In large businesses it is nothing to get 500 calls an hour from customers complaining about something..billing, product reliability, sales agreements, or just total dissatisfaction. The time it takes to deal with customers and the number of people a business has to employee equates to a huge cost for large businesses…or any business for that matter.
And where does that cost go to be covered?…yep. The price of goods.
Businesses are always going to have to deal with customers and most place into their business plan how the customers service portion of the business will be handled. Also, large businesses realize they will not be able to satisfy all customers so they write into their business plans the most disturbing part of their business model…..the acceptable percentage of ‘Disposable Customer Base’

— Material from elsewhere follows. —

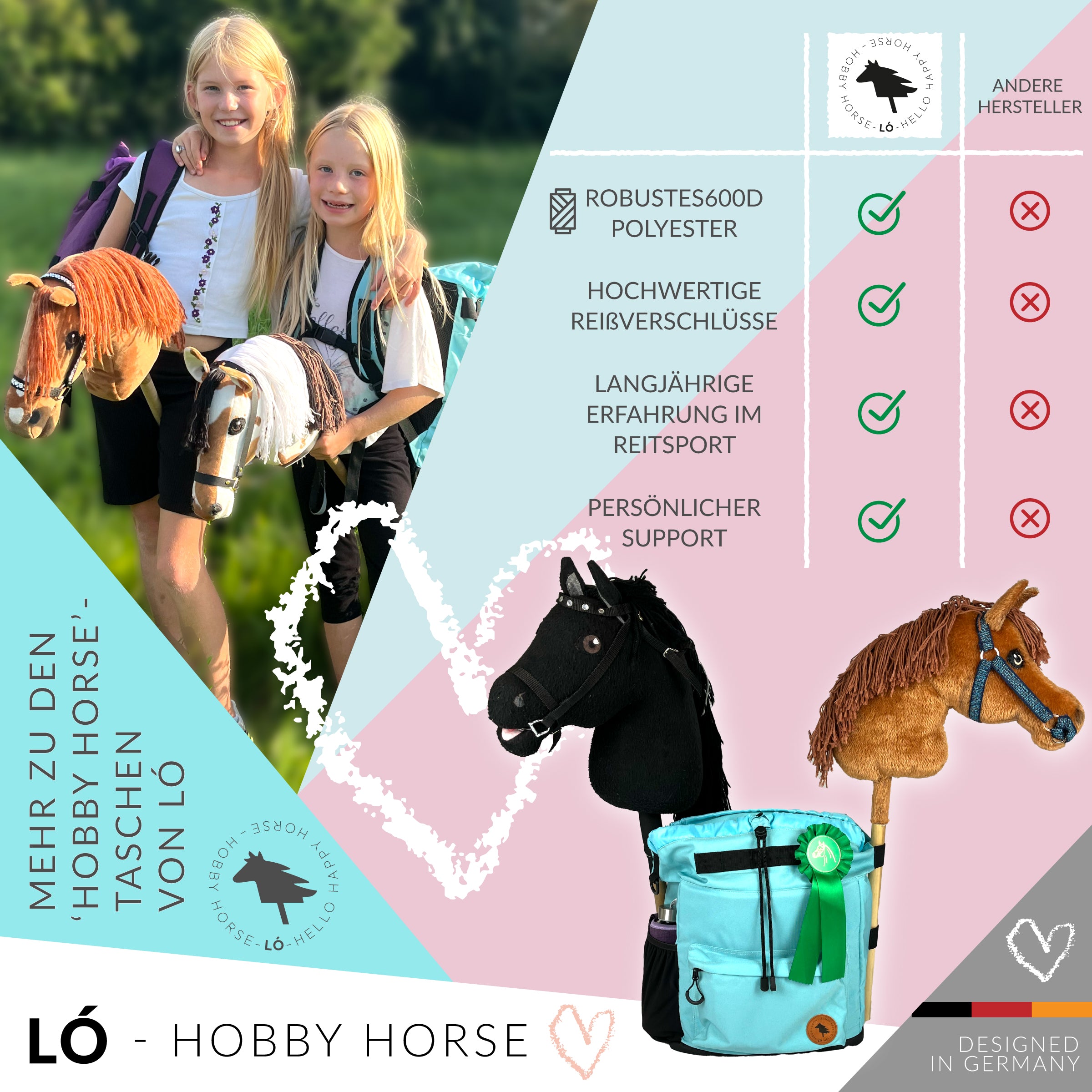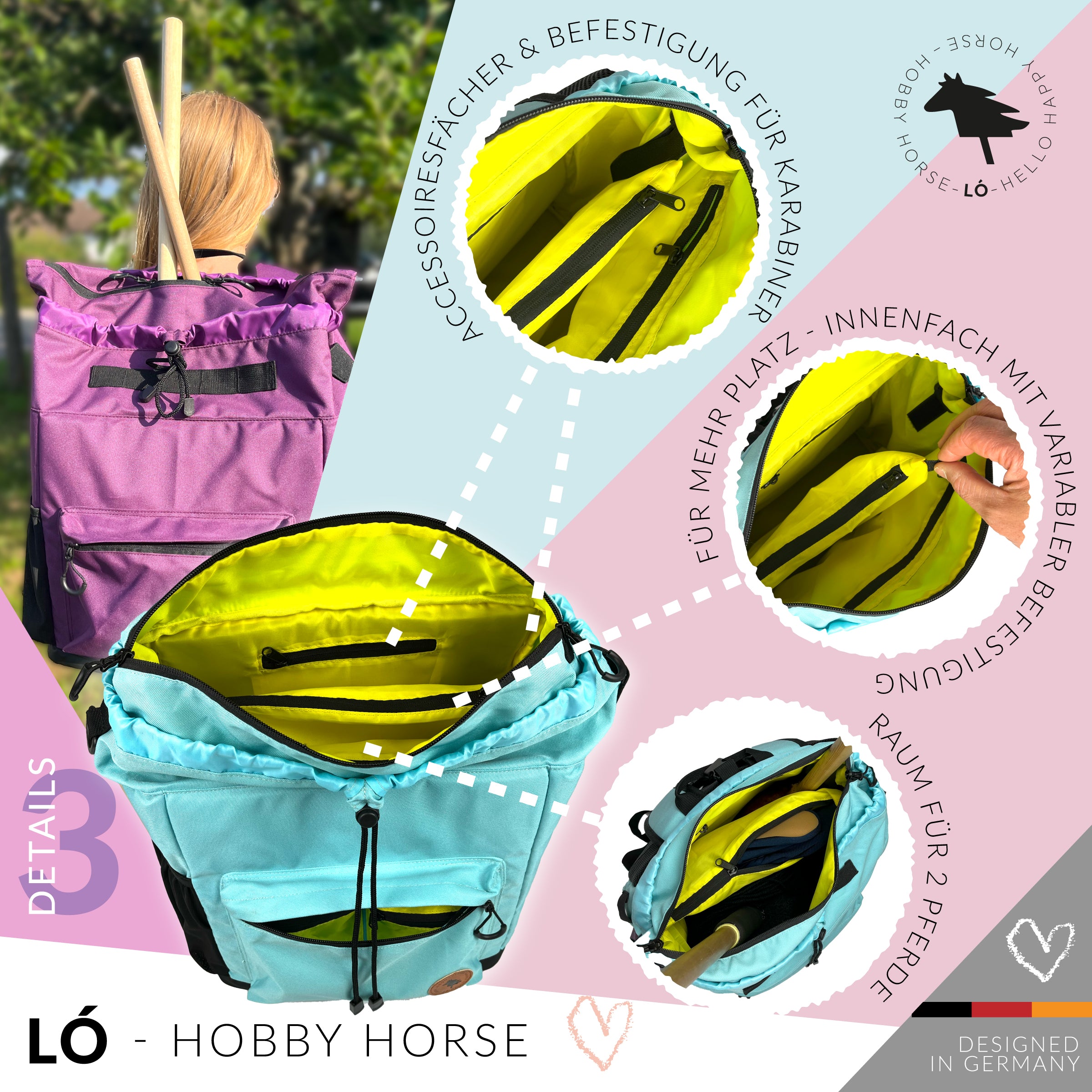 Our new Hobbyhorse backpack "LÓ" is the perfect companion for your hobbyhorsing passion! ❤️ With its spacious interior and a range of practical functions, this backpack meets all your needs. The LÓ HobbyHorse backpack is a lightweight, versatile and practical backpack that has been specially designed for transporting hobby horses. Our backpack can carry up to four hobby horses in total. Two horses can be safely stored inside the backpack, while the other two horses are attached to the loops on the outside of the backpack (right and left). This makes the backpack a practical and safe way to transport up to four hobby horses at the same time. Very clever! The backpack has two small pockets on the front, which are ideal for storing HobbyHorse accessories or other small items. There is an inner pocket inside the backpack that divides the interior of the backpack into two separate areas. This means that both horses can be transported safely and protected. The inner pocket offers enough space for various items that riders can carry. For example, riding clothes can be stored here. In addition, the inner pocket is removable on one side, which allows maximum flexibility in use. Two additional small inside pockets not only make it easier to keep things organized but also increase the functionality of the sports bag. The backpack also has adjustable shoulder straps that ensure comfortable and individual carrying. The straps can be adjusted as needed to optimally adapt the backpack to your body size and shape.

Yes, they actually write in their plan an acceptable amount of customers they will not be able to satisfy and totally write off.
The ‘Disposable Customer Base’ mostly effects the Customer retention levels, or the number of customers they depend on for repeat sales.
Over the years I have seen this percentage as high as 40%…this means that out of 100 customers that buy a product or service 40 of them are expected to not return for a repeat sale due to not being satisfied with the product or service.
So, for every 100 customers they acquire each year they depend on 60 of them to buy from them again.
How many times have you been part of the 40 customers who they write Off? Could this be part of why the economy is in the shape it is in today? I think most of us have been part of this index for a long time.
The problem now is turning this around. The conversation I was having was what can be done to reduce the disposable customer rate or do away with it all together. The answer in what to large businesses can do lies with how Small Business handle this situation.
In small business there cannot be an acceptable percentage of disposable customers. For every customer that is gained some attempt should be made to keep them. Statistically, it is more cost effective to attempt keep a customer than it is to market for a new one.
When you amplify that cost of finding new customers to the large businesses you quickly realize why their marketing budgets are so high. Now that consumer spending is down big businesses will have to take a page from the small business’ play book and start working on retaining customers.
So what do small businesses do to retain customers that large businesses will need to adapt to doing to keep customers?
The good ‘ol press the flesh’, ‘eye-to-eye’ contact method of doing business is what small businesses have been surviving on for many years. Now large businesses are going to adapt to that method….but how?
Large businesses are dealing with thousands of customers each day. How would they be able to manage talking one-on-one..or even in small groups, with all of those customers?
This is part of the change all businesses will have to make. How they do it will be the challenge large businesses will have to face, but they will have to face it or run the risk of going out of business. There are some solutions I see they could make, what do you see?